All of this could be bad news Monday for N.C. State, which has a whole basket of issues of its own that it has yet to solve, many of them similar to Duke’s (and not just playing defense).

The Wolfpack is still integrating Omer Yurtseven into its lineup as he adjusts to North American basketball, just as Duke seemed to waver when talented freshmen Jayson Tatum and Harry Giles were healthy and ready to contribute. And Saturday’s home loss to Wake Forest highlighted a lack of concentration and consistent effort that continues to plague the Wolfpack.

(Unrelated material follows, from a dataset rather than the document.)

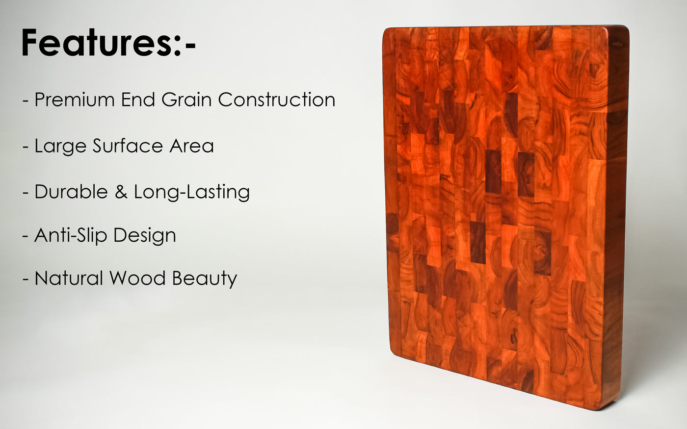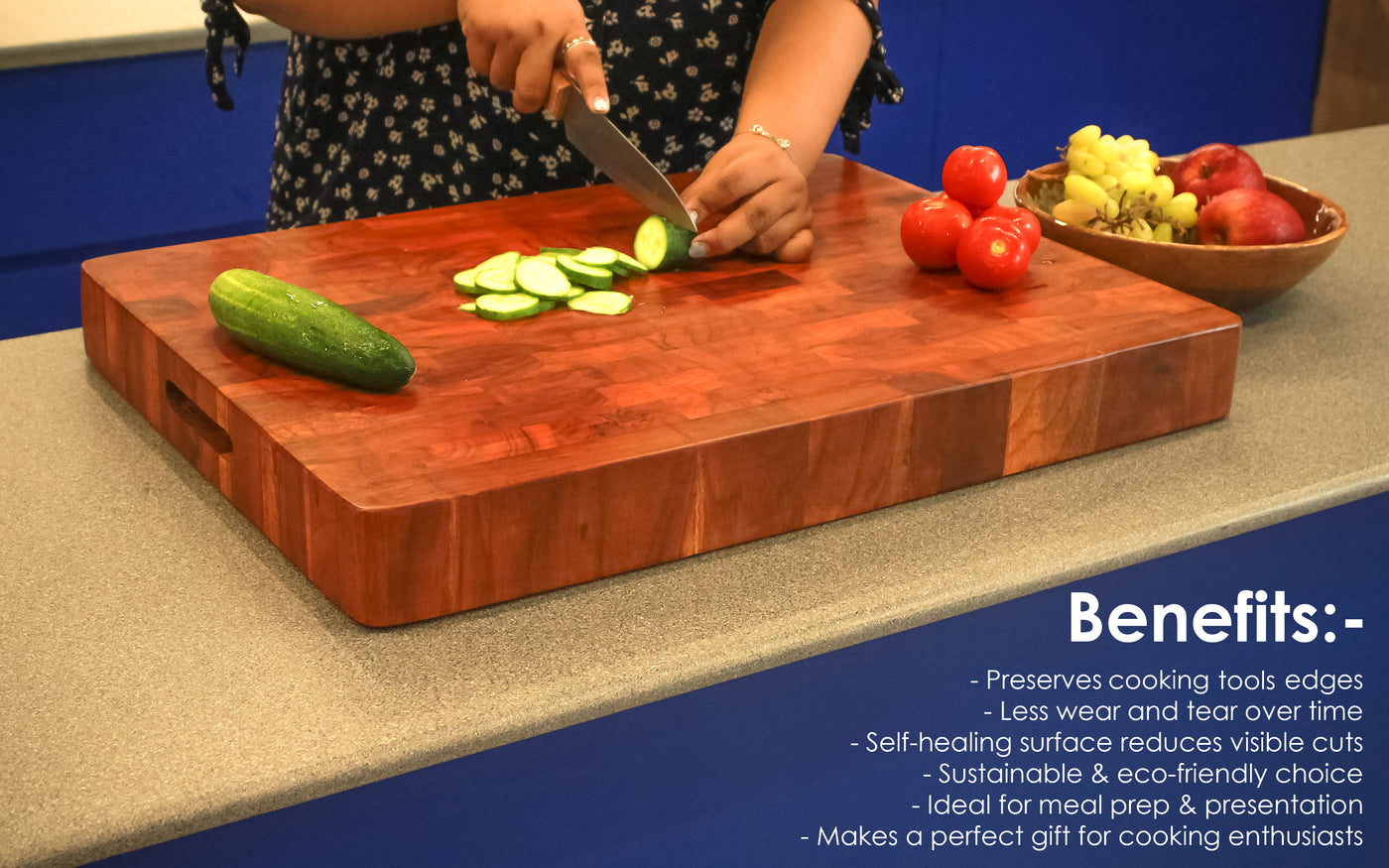 - DURABILITY: Teak wood is known for it's durability, which makes it the perfect wood for your kitchen cutting board; end grain wood minimizes wear and tear on both cutlery and the chopping block

It’s a strange team, hard to fathom at times: Abdul-Malik Abu was gunning from all over in the first half, but a non-factor in the second; Terry Henderson didn’t do much until N.C. State’s late surge; Markell Johnson seems to be the Wolfpack’s most engaged player; and so on.

There’s no time to get well. N.C. State is entering a difficult portion of its schedule that includes games against Duke, Louisville, Miami and Florida State (with an eminently winnable home game against Syracuse in the middle). Then again, in the ACC this season, they’re all difficult, especially if you can’t bank home wins against Georgia Tech or Wake Forest, but N.C. State hasn’t won at Cameron since the last time Krzyzewski was on sabbatical.

That probably makes this a bigger game for Duke than N.C. State. The Wolfpack has absolutely nothing to lose. The Blue Devils should have something to prove. They could hardly have played much worse in the first half against Miami. They could hardly have played much better in the second. The quick turnaround gives them a chance to show that what happened at halftime wasn’t just about one game, but about the rest of the season going forward.